Cette définition peut paraître sommaire quand on a présentes à l’es­prit les immenses conquêtes du darwinisme. Mais celui-ci n’est pas en cause, car l’évolutionnisme biologique et le pseudo-évolutionnisme que nous avons ici en vue sont deux doctrines très différentes. La première est née comme une vaste hypothèse de travail, fondée sur des observa­tions où la part laissée à l’interprétation est fort petite. Ainsi, les diffé­rents types constituant la généalogie du cheval peuvent être rangés dans une série évolutive pour deux raisons: la première est qu’il faut un cheval pour engendrer un cheval; la seconde, que des couches de terrain superposées, donc historiquement de plus en plus anciennes, contiennent des squelettes qui varient de façon graduelle depuis la forme la plus récente jusqu’à la plus archaïque. Il devient ainsi haute­ment probable que Hipparion soit l’ancêtre réel de Equus caballus. Le même raisonnement s’applique sans doute à l’espèce humaine et à ses races. Mais quand on passe des faits biologiques aux faits de culture, les choses se compliquent singulièrement. On peut recueillir dans le sol des objets matériels, et constater que, selon la profondeur des couches géologiques, la forme ou la technique de fabrication d’un certain type d’objet varie progressivement. Et pourtant une hache ne donne pas physiquement naissance à une hache, à la façon d’un animal. Dire, dans ce dernier cas, qu’une hache a évolué à partir d’une autre consti­tue donc une formule métaphorique et approximative, dépourvue de la rigueur scientifique qui s’attache à l’expression similaire appliquée aux phénomènes biologiques. Ce qui est vrai d’objets matériels dont la pré­sence physique est attestée dans le sol, pour des époques déterminables, l’est plus encore pour les institutions, les croyances, les goûts, dont le passé nous est généralement inconnu. La notion d’évolution biologique correspond à une hypothèse dotée d’un des plus hauts coefficients de probabilité qui puissent se rencontrer dans le domaine des sciences naturelles; tandis que la notion d’évolution sociale ou culturelle n’ap­porte, tout au plus, qu’un procédé séduisant, mais dangereusement commode, de présentation des faits.

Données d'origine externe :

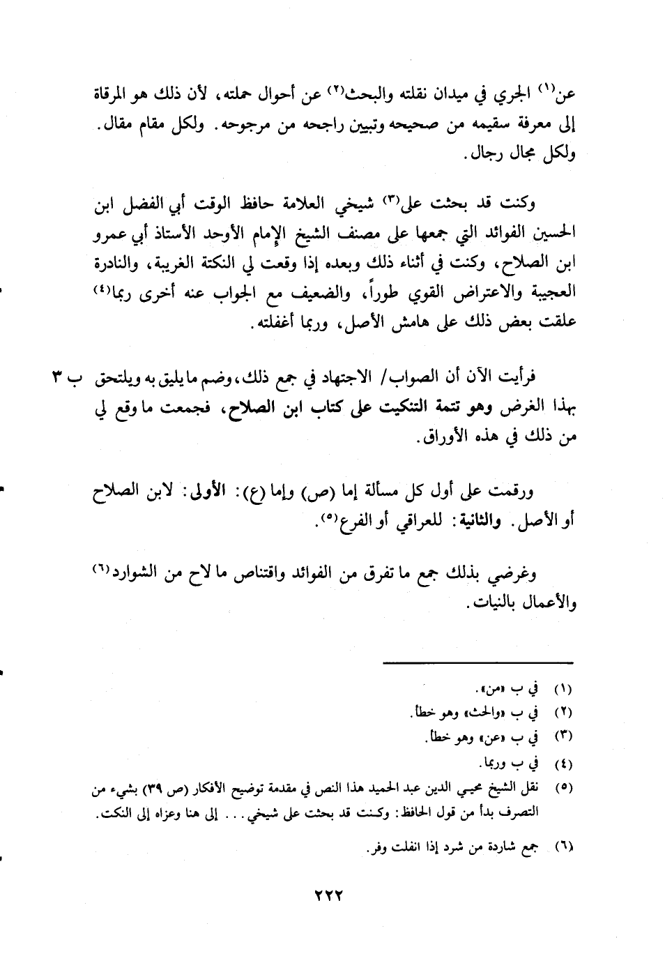 5 نقل الشيخ محي الدين عبد الحميد هذا النص في مقدمة توضيح الأفكار (ص39) بشيء من التصرف بدأ من قول الحافظ: "وكنت قد بحثت على شيخي ... إلى هنا وعزاه إلى النكت".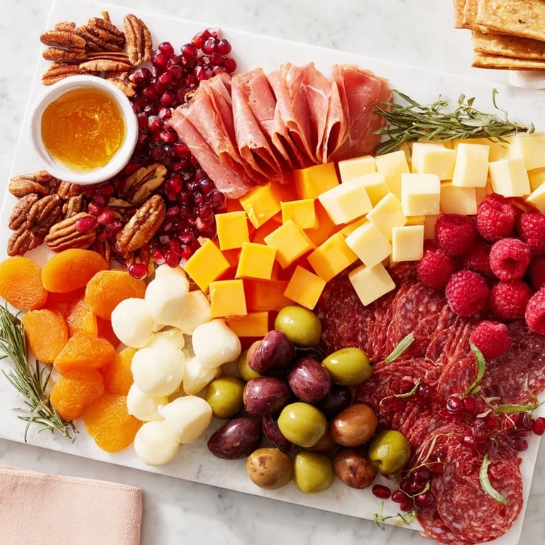 Cluster fresh grapes, raspberries, and pomegranate seeds in gaps for color and freshness, while dried apricots and figs add chewy texture and sweetness.

D’ailleurs, cette différence, trop souvent négligée, entre le vrai et le faux évolutionnisme s’explique par leurs dates d’apparition respectives. Sans doute, l’évolutionnisme sociologique devait recevoir une impul­sion vigoureuse de la part de l’évolutionnisme biologique; mais il lui est antérieur dans les faits. Sans remonter jusqu’aux conceptions antiques, reprises par Pascal, assimilant l’humanité à un être vivant qui passe par les stades successifs de l’enfance, de l’adolescence et de la maturité, c’est au xviii’ siècle qu’on voit fleurir les schémas fondamen­taux qui seront, par la suite, l’objet de tant de manipulations: les « spi­rales » de Vico, ses « trois âges » annonçant les « trois états » de Comte, l’« escalier » de Condorcet. Les deux fondateurs de l’évolutionnisme social, Spencer et Tylor4, élaborent et publient leur doctrine avant L’Origine des espèces ou sans avoir lu cet ouvrage. Antérieur à l’évolutionnisme biologique, théorie scientifique, l’évolutionnisme social n’est, trop souvent, que le maquillage faussement scientifique d’un vieux problème philosophique dont il n’est nullement certain que l’observation et l’inductions puissent un jour fournir la clef. »

 

[Claude Lévi-Strauss, Race et histoire, chap. 3, Éd. Gauthier, coll. « Médiations » 1961, pp. 20-26.]



[1] 1. Lévi-Strauss vient d’invoquer la multiplicité et la richesse du fait culturel.